Scandion Oncology, The Cancer Drug Resistance Company, is pleased to announce that the Company has obtained positive interim results from the CORIST trial, which substantiates the path for the further development of SCO-101. The CORIST Phase II study is aimed at combating cancer drug resistance in patients with metastatic colorectal cancer (mCRC) with acquired resistance to the chemotherapy regimen FOLIFRI. The patients enrolled in the trial have all failed prior standard chemotherapy due to resistance and have entered a terminal stage of their disease. Several positive take-home messages can be extracted from the data:

Well tolerated dose of SCO-101 in combination with FOLFIRI established
SCO-101 potentiates the biological effect of FOLFIRI in patients
Treatment benefit appears higher in patients without mutation in the RAS gene (RAS wild-type)
RAS biomarker enables de-risking of part 2 proof-of-concept study with SCO-101 in combination with FOLFIRI, in RAS wild-type patients with mCRC resistant to FOLFIRI
To exploit the new knowledge of the biomarker, the clinical protocol for part 2 of CORIST will be amended. Part 2 will commence as soon as the amendment is approved by the regulatory authorities. Timelines for read-out of CORIST part 2 may extend into Q3, 2022 due to this optimization.

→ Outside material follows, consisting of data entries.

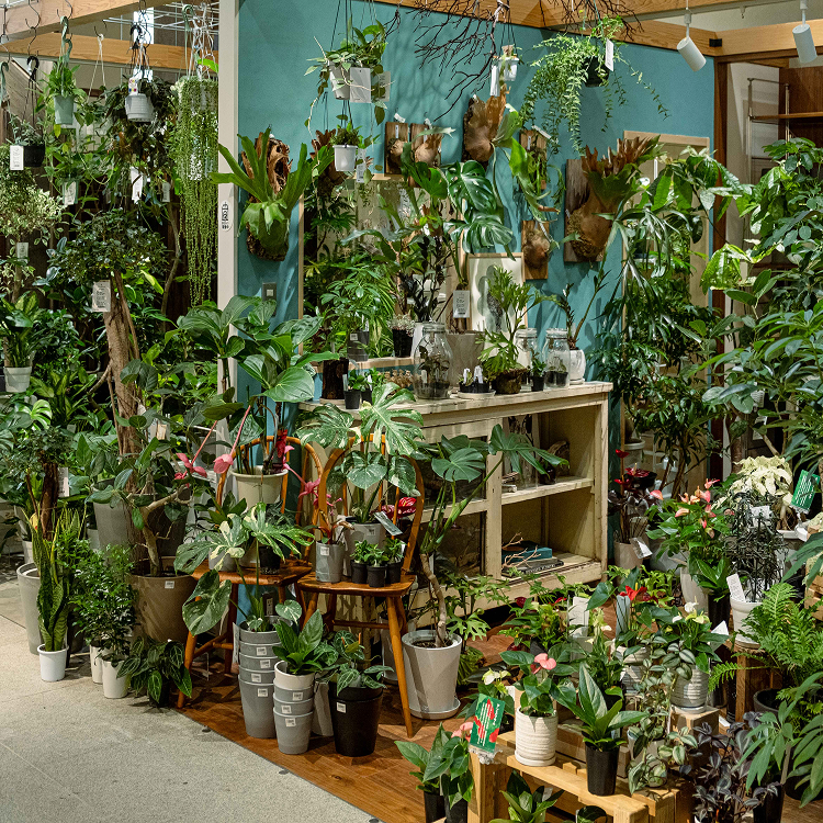 暮らしに彩りを添える観葉植物や花を揃えています。鉢は別売りとなり、お好みなものをご自由にお選びいただけます。育てるのが不安な方でも安心してお買い求めいただけるよう、品種に応じた育成のコツもご紹介します。卓上植物・大型植物・吊り植物など様々取り揃えております、大型植物については専用車で大切にお届けします。切り花は毎週金曜日に入荷します。四季折々のお花や枝ものなどお部屋を明るくするお花をご用意しております。
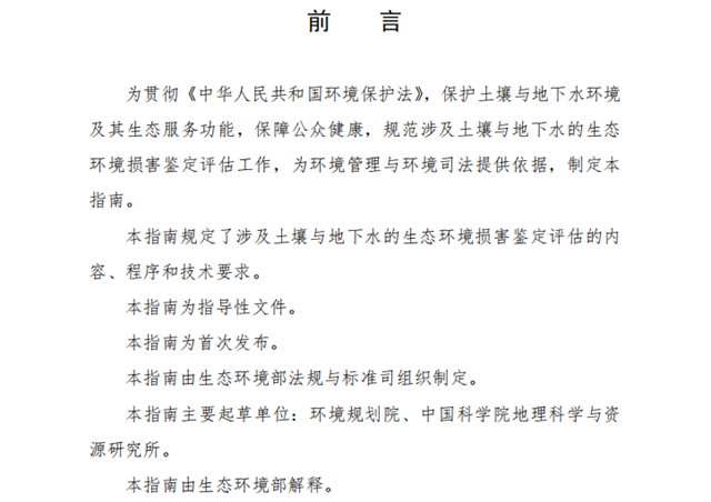 為進(jìn)一步完善生態(tài)環(huán)境損害鑒定評估技術(shù)體系,規(guī)范生態(tài)環(huán)境損害鑒定評估工作,我部組織制定了《生態(tài)環(huán)境損害鑒定評估技術(shù)指南 土壤與地下水》(見附件),現(xiàn)予印發(fā),供在開展生態(tài)環(huán)境損害鑒定評估有關(guān)工作中參照執(zhí)行。
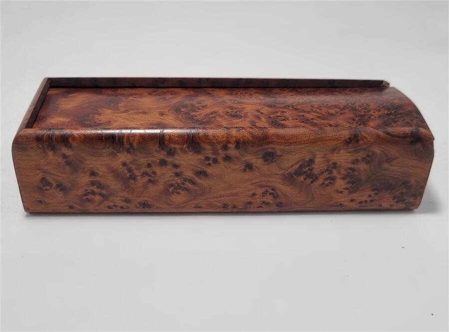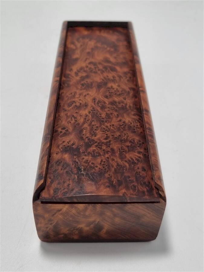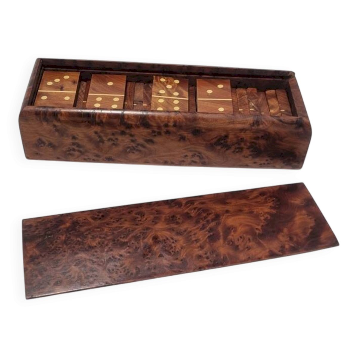 Wooden domino game, complete. The dominoes are made of walnut, and the box is made of walnut burl. Box dimensions: 19 x 6.5 x 4.5 cm Weight: 400 g L: 19 W: 6.5 H: 4.5
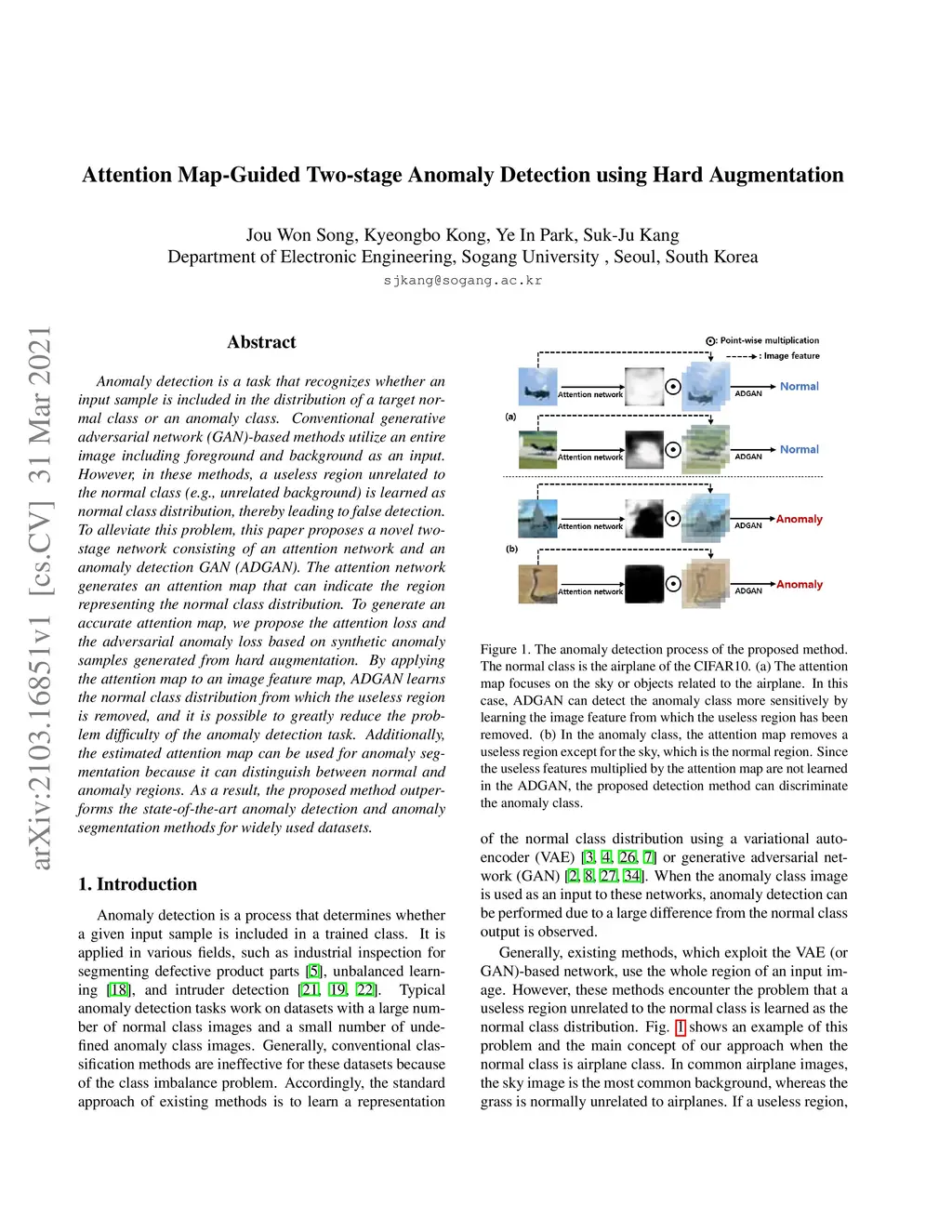 Anomaly detection is a task that recognizes whether an input sample is included in the distribution of a target normal class or an anomaly class. Conventional generative adversarial network (GAN)-based methods utilize an entire image including foreground and background as an input. However, in these methods, a useless region unrelated to the normal class (e.g., unrelated background) is learned as normal class distribution, thereby leading to false detection. To alleviate this problem, this paper proposes a novel two-stage network consisting of an attention network and an anomaly detection GAN (ADGAN). The attention network generates an attention map that can indicate the region representing the normal class distribution. To generate an accurate attention map, we propose the attention loss and the adversarial anomaly loss based on synthetic anomaly samples generated from hard augmentation. By applying the attention map to an image feature map, ADGAN learns the normal class distribution from which the useless region is removed, and it is possible to greatly reduce the problem difficulty of the anomaly detection task. Additionally, the estimated attention map can be used for anomaly segmentation because it can distinguish between normal and anomaly regions. As a result, the proposed method outperforms the state-of-the-art anomaly detection and anomaly segmentation methods for widely used datasets.
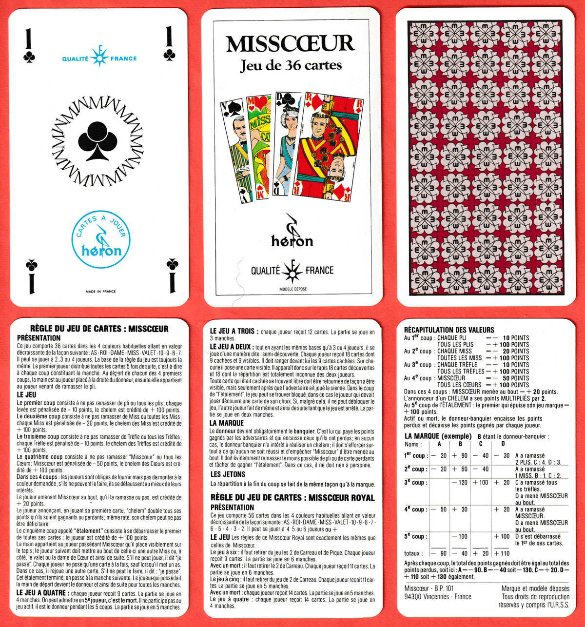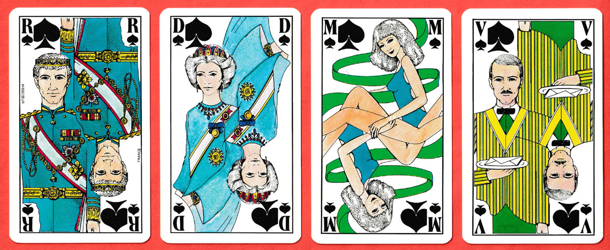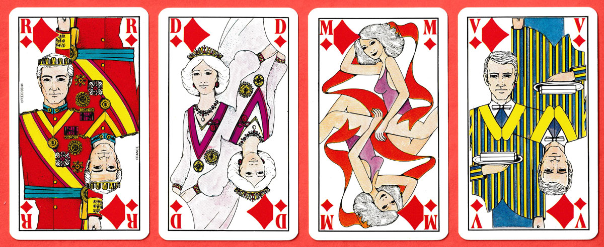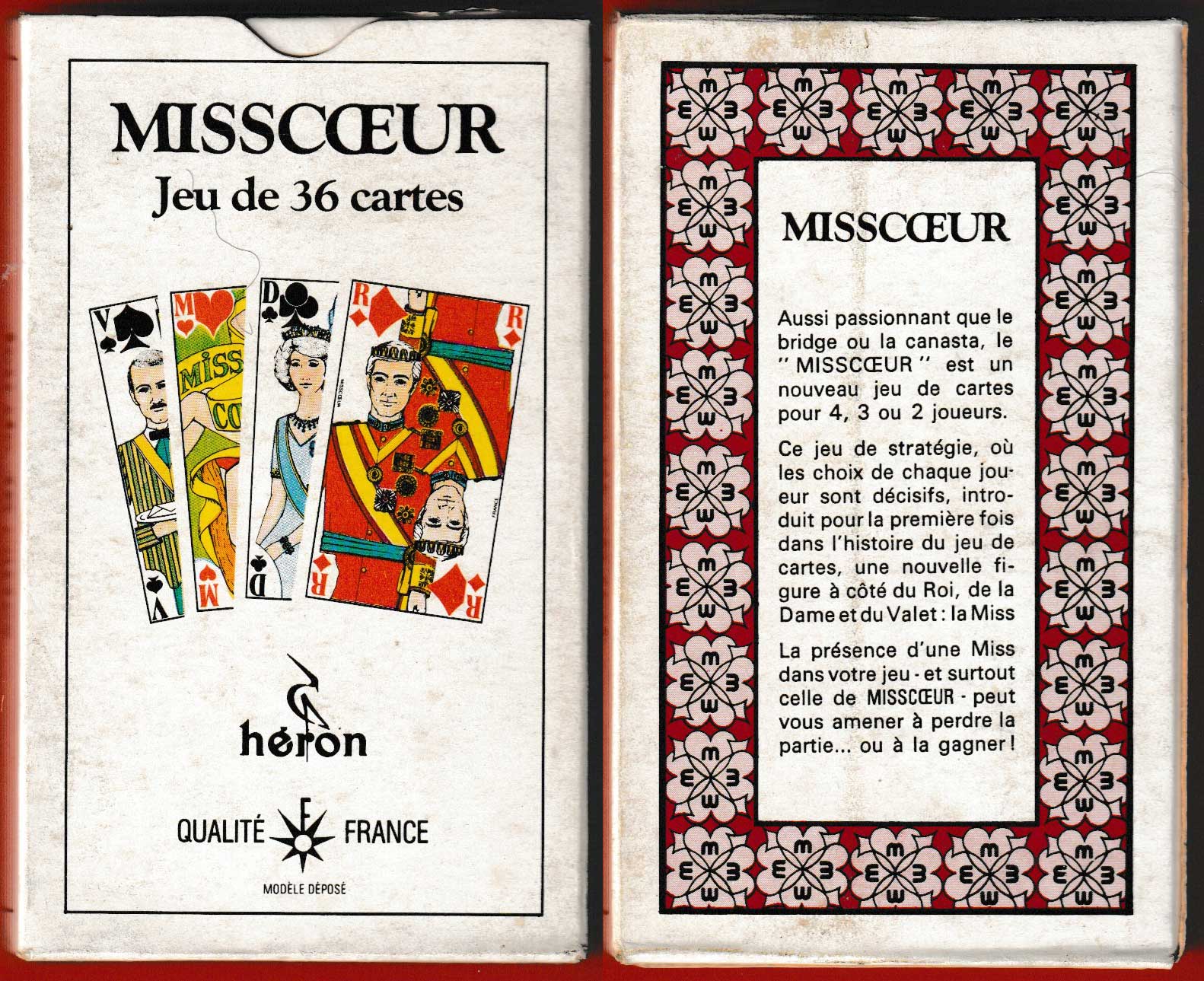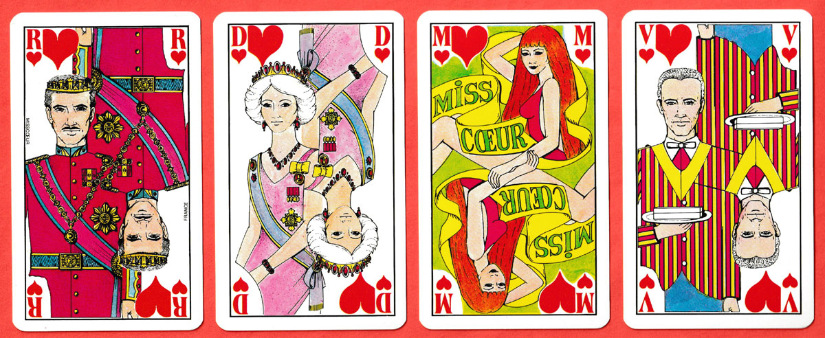 Above: ‘Misscœur’ playing cards published by Misscœur, Vincennes, France, c1980. Printed by Héron, Bordeaux, France. 36 cards + 1 title card + 3 extra cards with rules in French for two card games, in tuck box. Size: 61.5 x 102 mm.

All together, the results from the part 1 of the CORIST study have added significantly to our understanding of the effects of SCO-101 and consequently, de-risked the CORIST program.

We are ready to advance to the proof-of-concept part of the CORIST study

"We are satisfied finding a safe dose of SCO-101 in combination with FOLFIRI which displays biological activity in the patients and also favorably changes the adverse effects of the chemotherapy. We are further excited to have identified RAS as a predictive biomarker in the study. This enables us to tailor the treatment to patients who tolerate the treatment best and thereby have a higher likelihood to benefit from the treatment. We thank the patients and investigators who are participating in the trial," says Peter Michael Vestlev, CMO at Scandion Oncology.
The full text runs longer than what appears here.